Les réseaux électriques, vecteurs stratégiques de la transition énergétique

En 2012, la dimension novatrice — en soi — de l’électricité a été

éclipsée par son omniprésence dans nos vies quotidiennes ; elle est devenue un bien banal, dont on a oublié les qualités intrinsèques et les capacités d’adaptation. Elle nous est pourtant essentielle, en tant que sujet et objet d’innovations régulières qui permettent de s’adapter aux temps qui changent, aux usages qui évoluent et aux défis qui émergent. Tout le monde vante aujourd’hui les « smart grids », ces « réseaux électriques intelligents » incarnant LA novation miracle.

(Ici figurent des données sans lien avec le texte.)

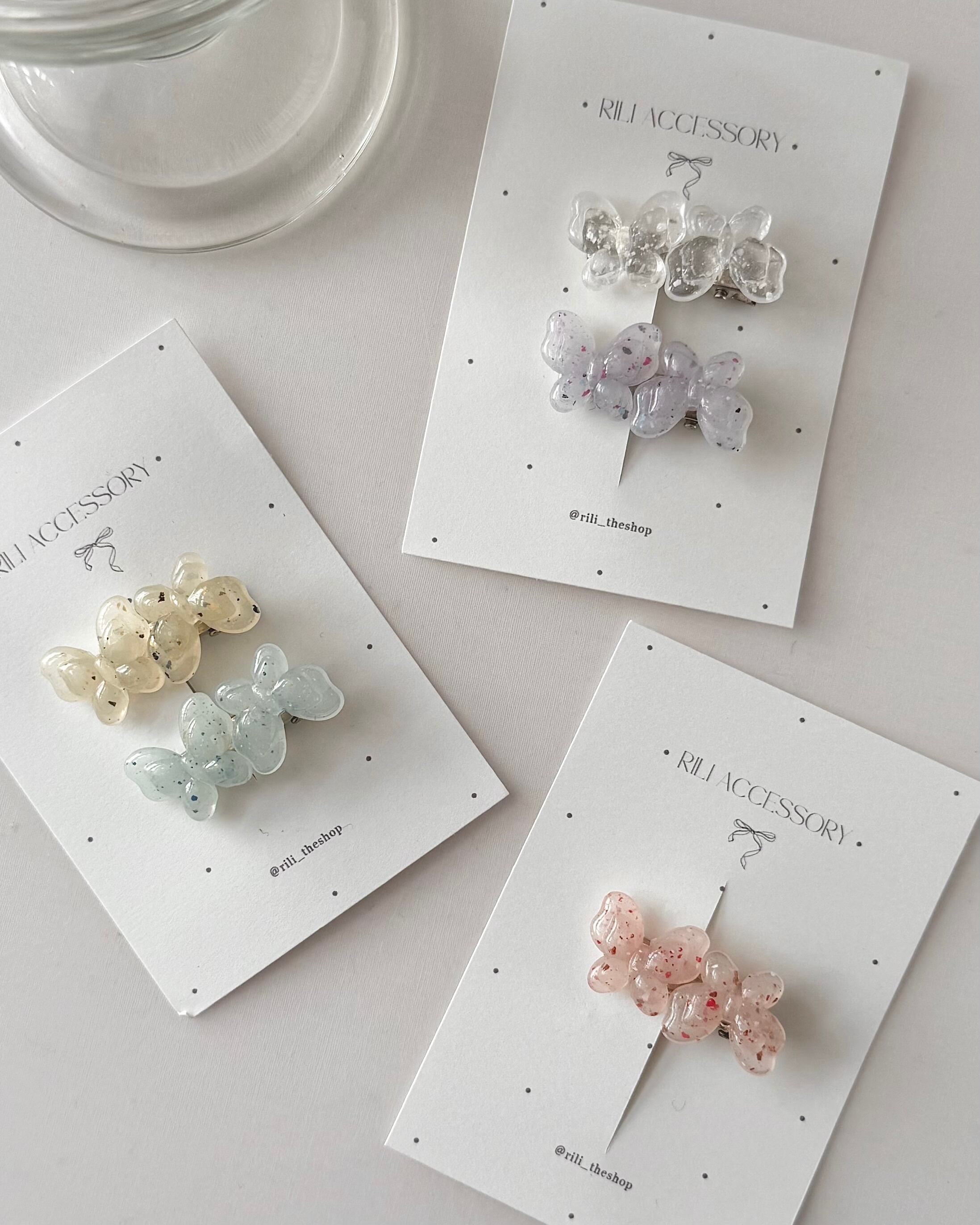 ランダムにカラーが散りばめられたちょうちょのヘアクリップです。ニュアンスカラーで、ヘアスタイルに程よい色味をプラスします。

C’est oublier que, depuis la fin des années 1870, l’électricité n’a cessé de constituer le cœur d’une vraie dynamique d’innovation symbolisée à ses débuts par la lampe à incandescence, plus récemment par la téléphonie et, dans les années à venir, par ces fameux « smart grids ». Par ses multiples applications, par les bouleversements qu’elle implique dans l’organisation de la consommation et de la production, l’énergie électrique a accompagné l’émergence et le développement d’un nouveau système technologique et d’une nouvelle logique industrielle. Après avoir apporté l’éclairage, elle a pu montrer, grâce à une vague d’innovations portée notamment par Westinghouse et Siemens, ses vertus industrialisantes, faisant des grandes métropoles les symboles de la nouvelle civilisation industrielle et de la modernité. Offrant ainsi une solution globale pour l’industrie et les transports, l’électricité est devenue la principale animatrice de la croissance occidentale de la fin du XIXe siècle. Après les villes, ce fut au tour des campagnes de connaître l’électrification au milieu du XXe siècle. Elle fut un vecteur essentiel et efficace de modernisation régionale, contribuant à la genèse

* Maître de conférences à l’Institut d’études politiques de Paris. Professeur au Collège d’Europe de Bruges.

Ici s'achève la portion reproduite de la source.